After 77 days of courtroom battle, which convulsed Malaysia's legal and political system, the trial of the sacked finance minister, Mr Anwar Ibrahim, ended yesterday, and a verdict will be announced on April 14th.
As Malaysia has no jury system, High Court Judge Augustine Paul, who presided over a fractious, incident-packed trial, will himself decide the verdict. His decision will shape Malaysia's political future, as any sentence longer than a year will neutralise Mr Anwar as a political force during next year's general elections.
The judge had originally set the verdict for April 6th but said yesterday: "It's simply impossible to decide by the 6th, so I have to set another date." He has already rejected the defence case that the charges were the result of a political conspiracy.
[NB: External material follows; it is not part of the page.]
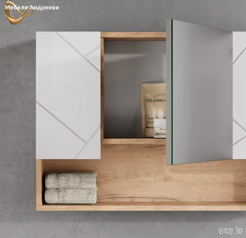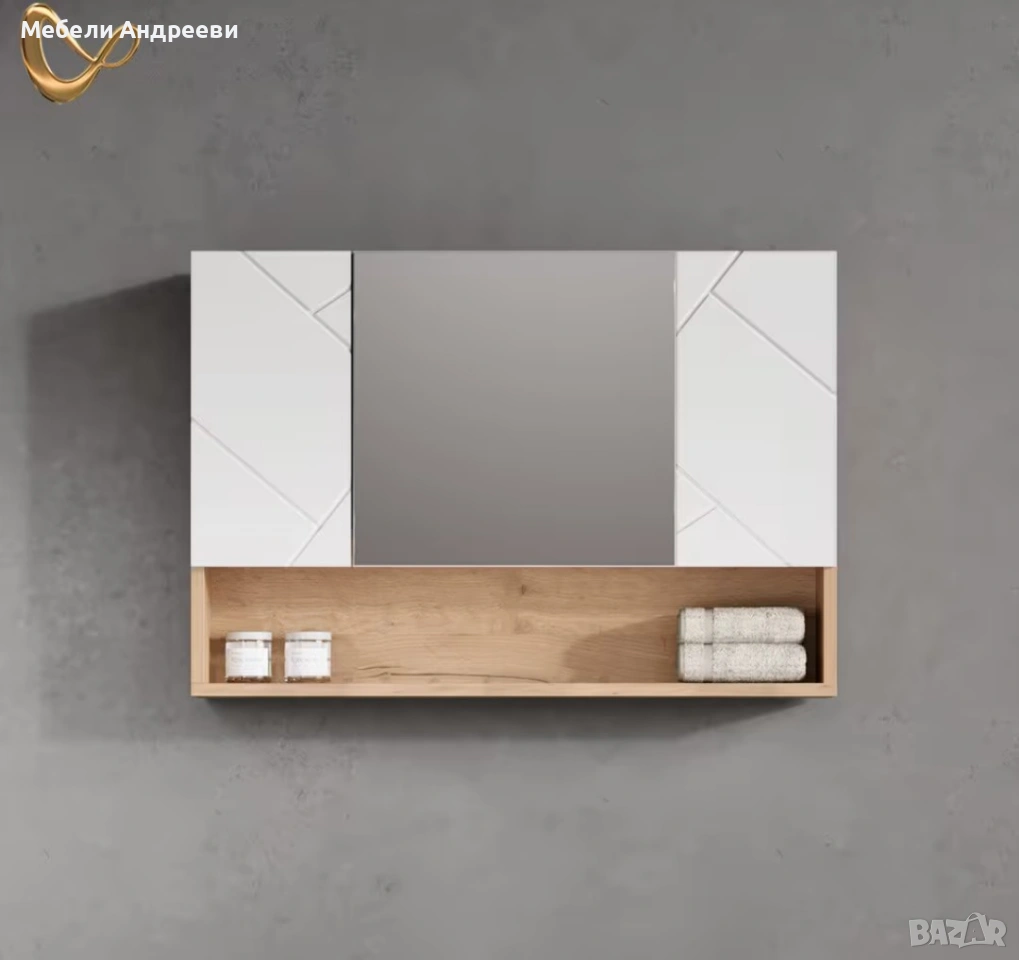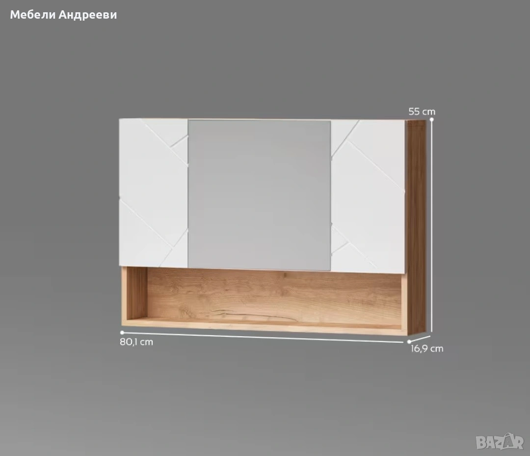 Шкафът има централно огледало, две бели врати с декоративни линии и отворен долен рафт за козметика, кърпи или ежедневни вещи. Модерен, чист дизайн и надеждна конструкция от ПДЧ с меламиново покритие – лесно за поддръжка и устойчиво на влага. Идеален за всяка баня.

Right to the end of what became the longest trial in Malaysia's history, Mr Anwar proclaimed his innocence. His defence lawyers asserted that he was dismissed from government and thrown in jail as part of a plot by powerful figures and business interests close to the Prime Minister, Dr Mahathir Mohamad, to prevent him from exposing corruption and cronyism.
"I still maintain there is a political conspiracy involving Dr Mahathir and his close associates to politically assassinate me," Mr Anwar told reporters as the trial ended in Kuala Lumpur's High Court.
The 51-year-old reform-minded politician, who until September was prime minister-in-waiting and one of the highest-regarded Asian political figures, said he expected to receive a sentence of between two and four years in jail. "I'm realistic enough to accept the eventuality," he told reporters.
Mr Anwar is charged on four counts of abusing his power in 1997 by directing police to obtain retractions from two people who had accused him of sex crimes. Each carries a maximum penalty of 14 years in jail and a fine of around £3,000.
"This honourable court should find the accused guilty of the four charges as amended and to convict him accordingly," the government prosecutor, Mr Abdul Gani Patail, told the court yesterday.
The day of the verdict will be tense in Kuala Lumpur, a modern, normally peaceful, sub-tropical city which witnessed weeks of demonstrations last autumn after the arrest of Mr Anwar. Crowds who regular gathered to chant "reformasi!" (reform), were just as routinely broken up by police with water cannon.
Dr Mahathir accused his onetime deputy of trying to unseat him by stirring up the type of student unrest which brought about the downfall of President Suharto in Indonesia in May. The 73-year-old prime minister also called Mr Anwar morally unfit for office.
Public anger and international concern at the treatment of Mr Anwar were heightened when he appeared in court on the first day of the trial with a black eye, the result of a beating by the former British colony's chief of police, who subsequently was forced to resign.
Several charges of sodomy against Mr Anwar in the original indictment were dropped, but not before some dramatic scenes in court, including the presentation of a semen-stained mattress in evidence. The defence team and the bench clashed several times, and last week Judge Augustine rejected their request that he disqualify himself from the case on the grounds he was partial.
Before being led into custody, Mr Anwar hugged his eldest daughter, Ms Nurul Izzah (19), as family members and friends watched from the gallery.